Tuesday, March 4, 2014

How To Not Be A Basketball School


This is at tip-off, people. At tip-off.
When I was an actual paid reporter and got to go to Oregon Duck basketball games on when a regular basis, it bothered me. I'm a Kansas graduate and I know what a real basketball crowd is supposed to be like on a regular basis. Every game at Allen Fieldhouse, no matter if it's a November first exhibition game against the Southeastern Northern Western State Mildcats or for the conference title on the first weekend of March, is sold out. Some games are more sold out than others. Officially, the biggest crowd in Allen Fieldhouse history is still the first game they ever played in it, in March of 1955. But I'll tell you, there are some crowds of 16,400 that are bigger than others.

While covering the Ducks on a regular basis, one of the other reporters I worked with went to Syracuse. He knows what a real basketball crowd is supposed to be like as well. And for all the hype about Matt Knight Arena when it first opened up in January 2011, it has rarely been an intimidating place to play.

And yet the Ducks have won at least 20 games every year Dana Altman has been the head coach at Oregon, also known as every year that Matt Knight Arena has been open. I took the picture you see at tip-off a week ago on Sunday for the Washington State game. That's the student section. I'm fairly certain that student tickets are easy to come by.

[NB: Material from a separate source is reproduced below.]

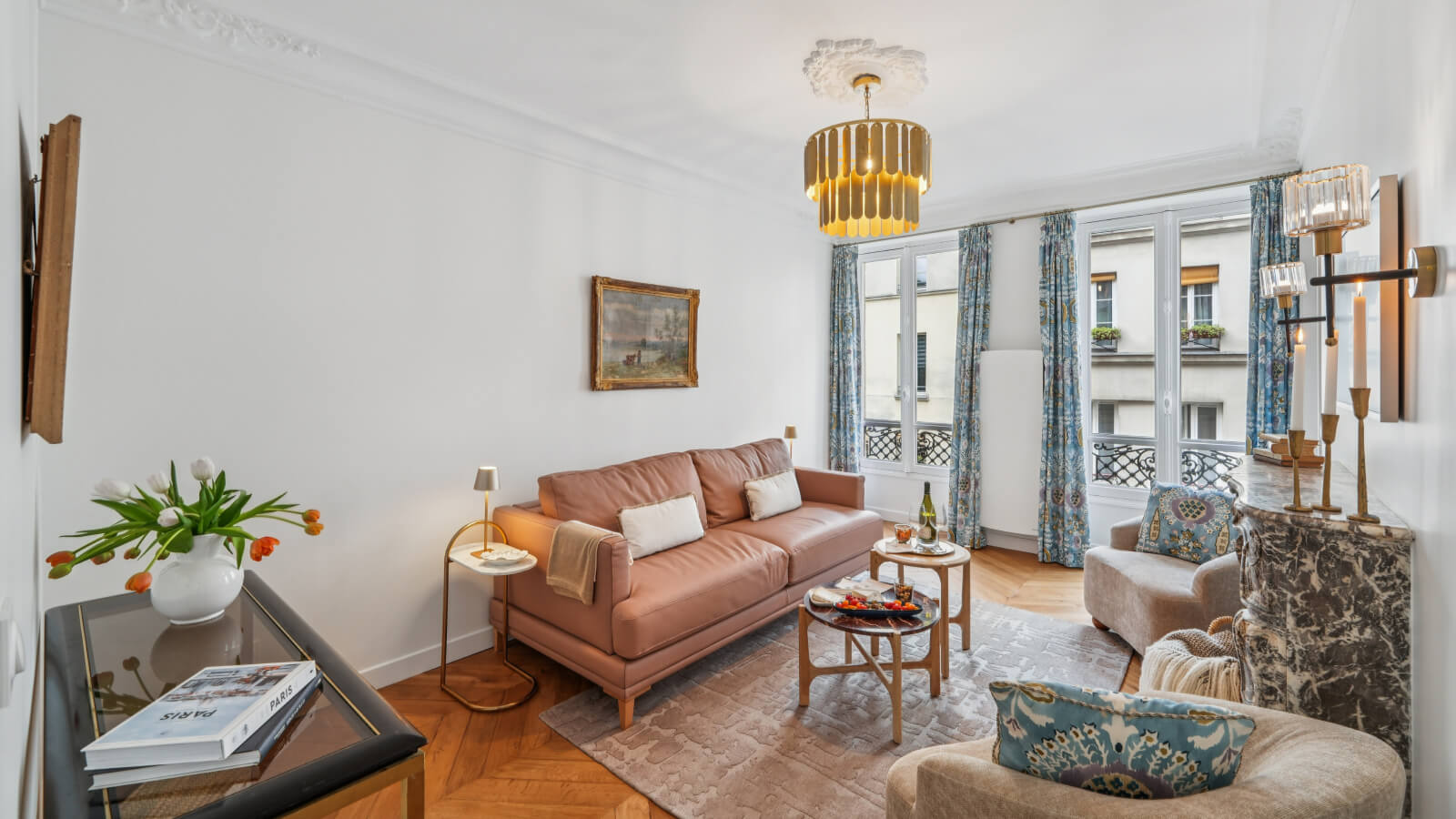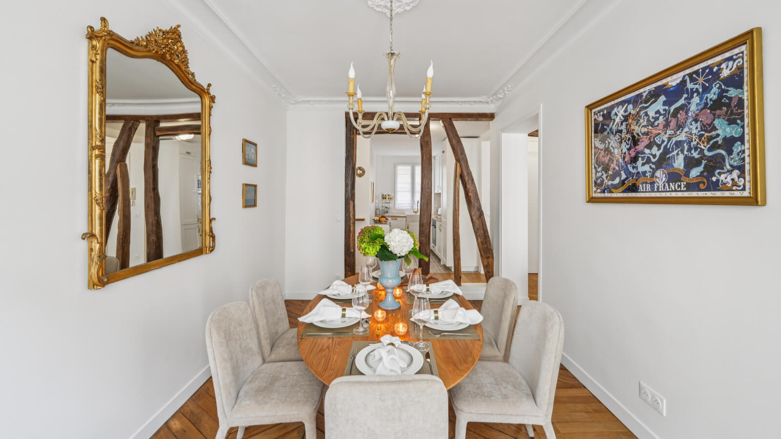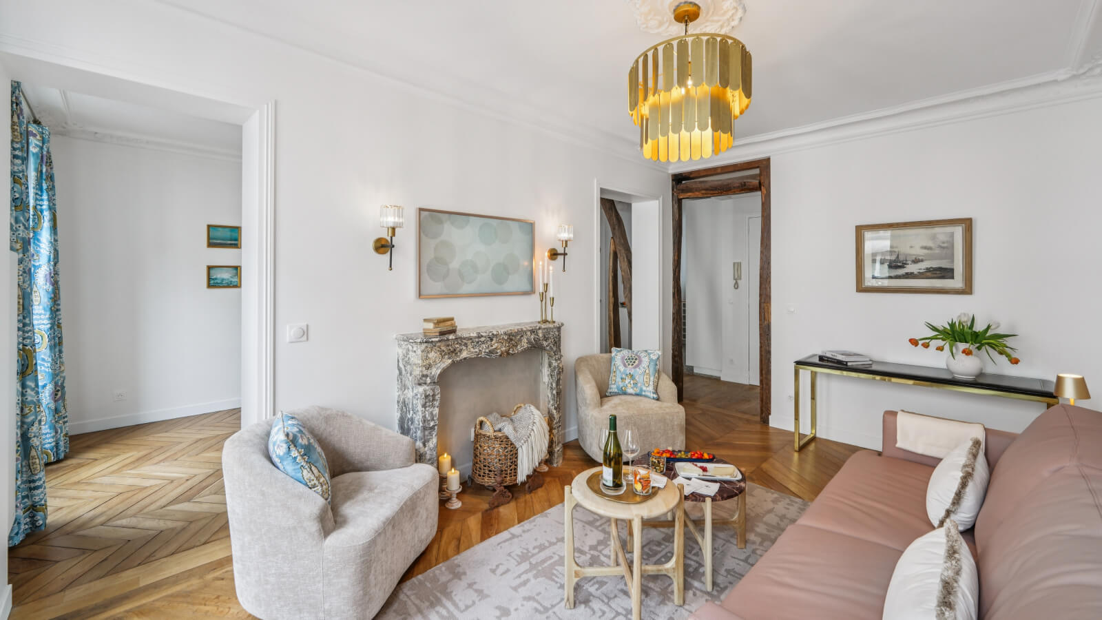 Located in the fashionable Parisian historic district of Le Marais, Maison Rivoli is a luminous two-bedroom residence that blends timeless Parisian chic with classic elegance. Professionally designed interior spaces, impeccable finishes, and a sought-after location make this spacious pied-à-terre a gem for those seeking stylish living in the heart of Paris.

To begin the season, Oregon racked up 13 straight wins and was ranked tenth in the country. Their home conference opener (everyone has three home openers a year- there's the first exhibition game, the first non-league game, and the first league game) was right after their first loss of the season, they were 13-1, ranked 17th, and 1-1 in league entering that game- and it didn't come close to selling out. 8,415 showed up, or slightly more than half of MKA's capacity. That's not what a good basketball fan base does.

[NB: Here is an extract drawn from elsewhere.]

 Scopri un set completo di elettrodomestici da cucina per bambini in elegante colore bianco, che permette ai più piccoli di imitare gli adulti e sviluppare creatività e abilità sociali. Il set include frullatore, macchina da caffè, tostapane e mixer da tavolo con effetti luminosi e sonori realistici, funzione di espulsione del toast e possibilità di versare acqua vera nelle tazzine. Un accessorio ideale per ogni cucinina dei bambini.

The Wazzu game was about smack average for Oregon attendance for conference home games this year, with 8,702 of us there. But entering that game, the Ducks were still considered an NCAA tournament bubble team (they still are) with 18 wins, having won two in a row (Oregon State and Washington). If you've paid any sort of attention to Oregon basketball the past 20 years, then you're rather aware that just being in the NCAA tournament discussion at the end of February is an accomplishment. I'm aware that every major college basketball program gets to go to some sort of postseason tournament nowadays. Even if you finish under 500, the CBI will take you (and there's a reason it's nicknamed the “Cash Buy-In” Tournament-
you actually have to pay to play in it).

Yet, Oregon has only broken more than 10,000 at a home basketball game twice this season. But even the Civil War against Oregon State didn't sell out- that had 10,013. The highest home attendance was USC, with 11,178, and that's only because it was Phil Knight Bobblehead Night. Tonight, it's a rare Tuesday game as they host Arizona State in the next-to-final home game of the season. They have 20 wins and are now, in some bracketologists minds, in the tournament. A win over the Sun Devils will obviously help that idea, and an upset on senior day against Arizona, who's the regular season conference champion and ranked third in the country, will all but guarantee it. Now the joint will be jumping on Sunday afternoon. The problem is, most of those fans will be attending their first Duck home basketball game of the season- even if they're students.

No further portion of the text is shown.